First of all, the fund return rate should be compared with the trend of the stock market. If a fund performs better than the market index most of the time, investors can say that the management of this fund is effective, and the fund management company that manages this fund has excellent research and investment capabilities.
Secondly, the income of the fund should be compared with similar funds. If the fund performance exceeds other similar funds for a long time, it shows that the fund manager has excellent management ability. What needs to be pointed out here is that we cannot compare different types of funds with each other. For example, equity funds and hybrid funds cannot be compared, and hybrid funds and debt-based funds cannot be compared. Because different types of funds have different risk-return ratios, they are also different in position allocation and operation methods. Generally speaking, the higher the risk, the more radical the operation method, and the higher the corresponding return on investment.

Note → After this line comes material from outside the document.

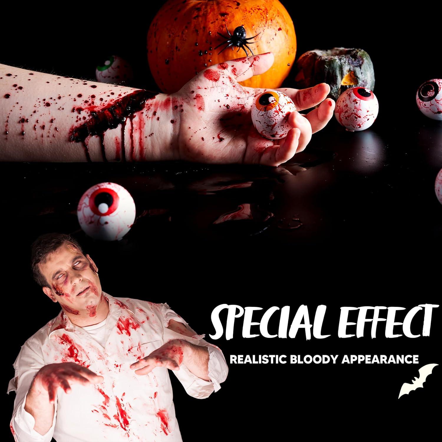 Realistic Appearance. Our Stage Fake Blood offers a realistic appearance that enhances the authenticity of your Halloween makeup. The blood replicates the texture, color, and consistency of real blood, adding a gruesome touch to your cosplay or special effects.

Thirdly, we should compare the fund's rate of return with the expected rate of return, and see whether the fund's performance meets investors' expectations according to the fund's investment principles and the fund manager's operating philosophy. When the performance of the fund is far from the expectation, investors should look back to see if the fund manager has violated the investment principles and concepts promised in the fund contract and unnecessarily increased the investment risk of the fund.
Finally, we should compare the fund income with historical performance. Only stable performance is the real performance, occasional success may be just luck, and occasional failure may be only temporary. Investors should comprehensively judge the performance of funds from a long-term perspective.